FROGS Demultiplex reads (version 2.0.0)
This file describes barcodes and samples (one line by sample tabulated separated from barcode sequence(s)). See Help section
Select between paired and single-end data
Specify dataset of your single end reads
Number of mismatches allowed in barcode
The barcode is placed either at the beginning of the forward end or of the reverse end or both?

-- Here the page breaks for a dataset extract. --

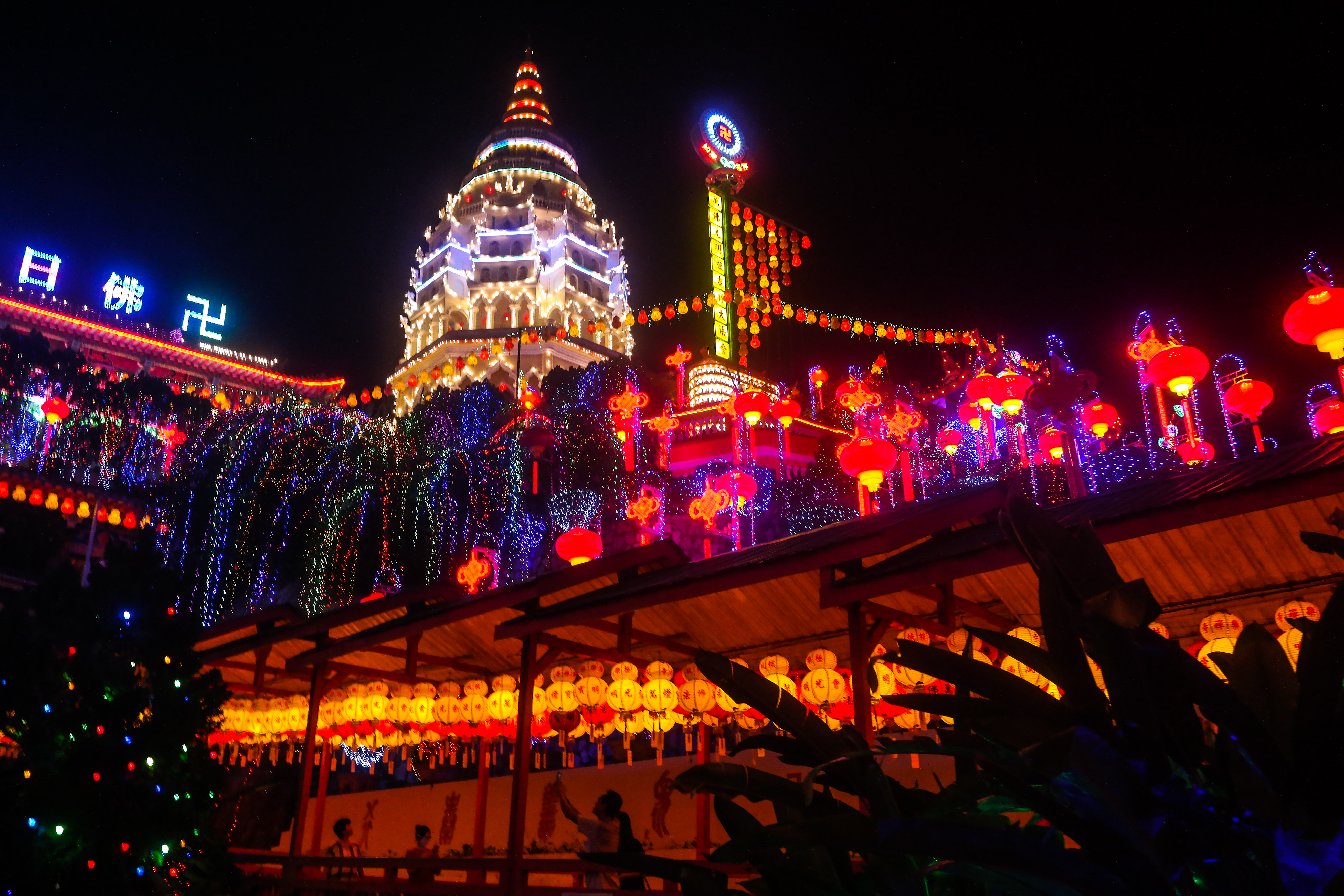 Kek Lok Si Temple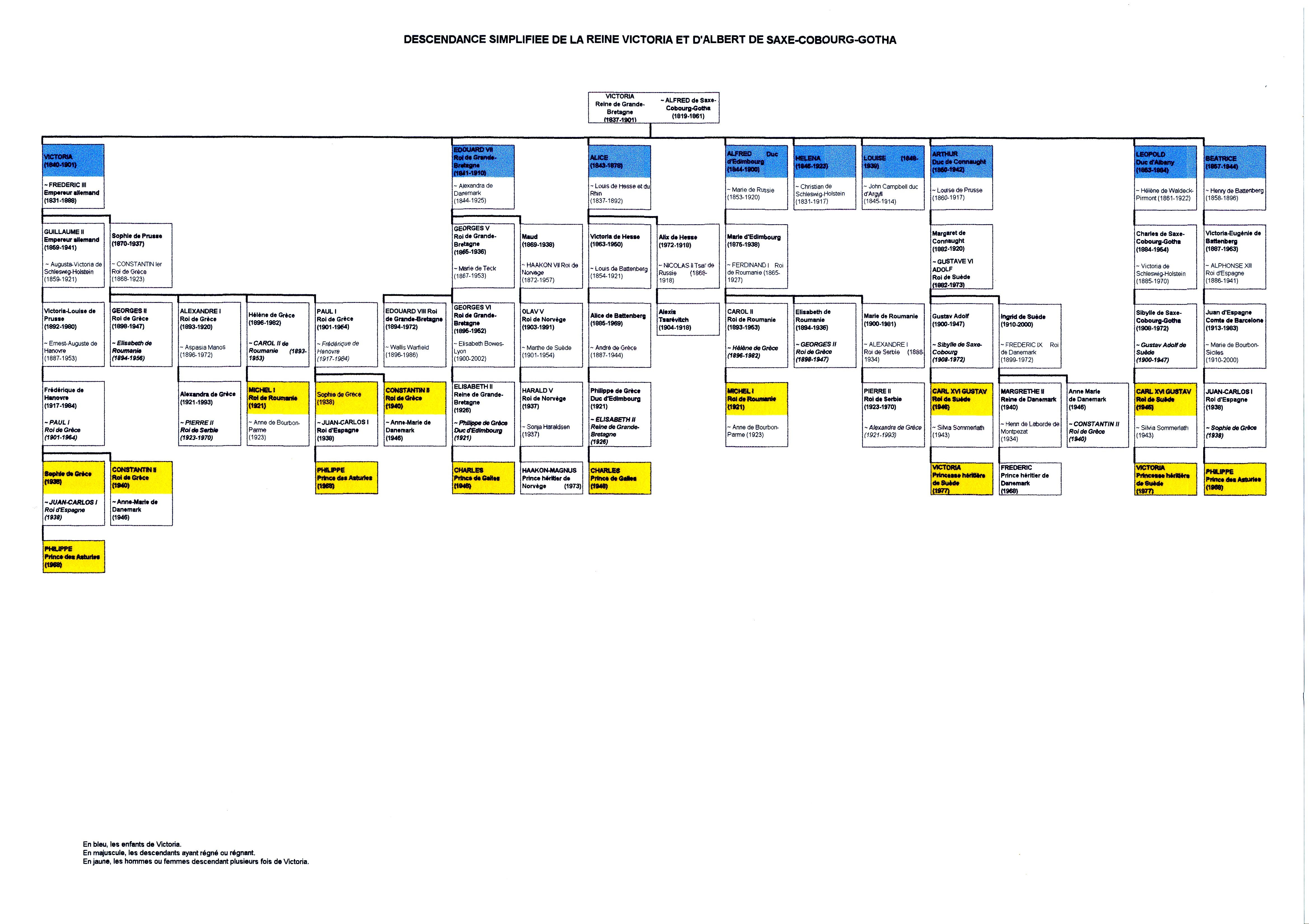 Simplified genealogy of Queen Victoria's descendants, members of royal families

This tool classifies single or paired-end reads in function of barcode forward or reverse in the first or both reads.

Command line:

demultiplex.py --input-R1 *FQ_INPUT1* [--input-R2 *FQ_INPUT2*] --input-barcode *TXT_BARCODE* --mismatches *MISMATCH* --end *END* --summary *TXT_SUMMARY_OUTPUT* --output-demultiplexed *TARGZ_DEMULT_ARCHIVE_OUTPUT* --output-excluded *TARGZ_UNDEMULT_ARCHIVE_OUTPUT*
Inputs
Input name Meaning
FQ_INPUT1 Fastq input file for the first read (single-end or forward read of paired-end sequences)
FQ_INPUT2 Fastq input file for the second read (only for paired-end sequences)
TXT_BARCODE Tabulated text file that describes barcode sequences used to multiplexe samples: SAMPLE_NAME BARCODE1 [BARCODE2]
Options
Option name Meaning
-m/--mismatches MISMATCH Number of allowed mismatch in each barcode
-e/--end END To which end must the barcode be found : forward (begin of the (first) read), reverse (end of the (second) read) or both
Outputs
Output name Meaning
TXT_SUMMARY_OUTPUT A tabulated text file which summarises the number of sequences (single or paired) for each sample
TARGZ_DEMULT_ARCHIVE_OUTPUT A TAR.GZ archive that contains all fastq files for each sample
TARGZ_UNDEMULT_ARCHIVE_OUTPUT A TAR.GZ archive that contains all fastq files for undemultiplexed reads

Format

BARCODE_FILE :

This file is expected to be tabulated

-first column corresponds to the sample name

-second column corresponds to the sequence barcode used

-third column (optional) corresponds to the reverse sequence barcode

Take care to indicate sequence barcode in the strand of the read, so you may need to reverse complement the reverse barcode sequence

All barcode sequences must have the same length

Example of barcode file: Here the sample is multiplexed by both fragment ends.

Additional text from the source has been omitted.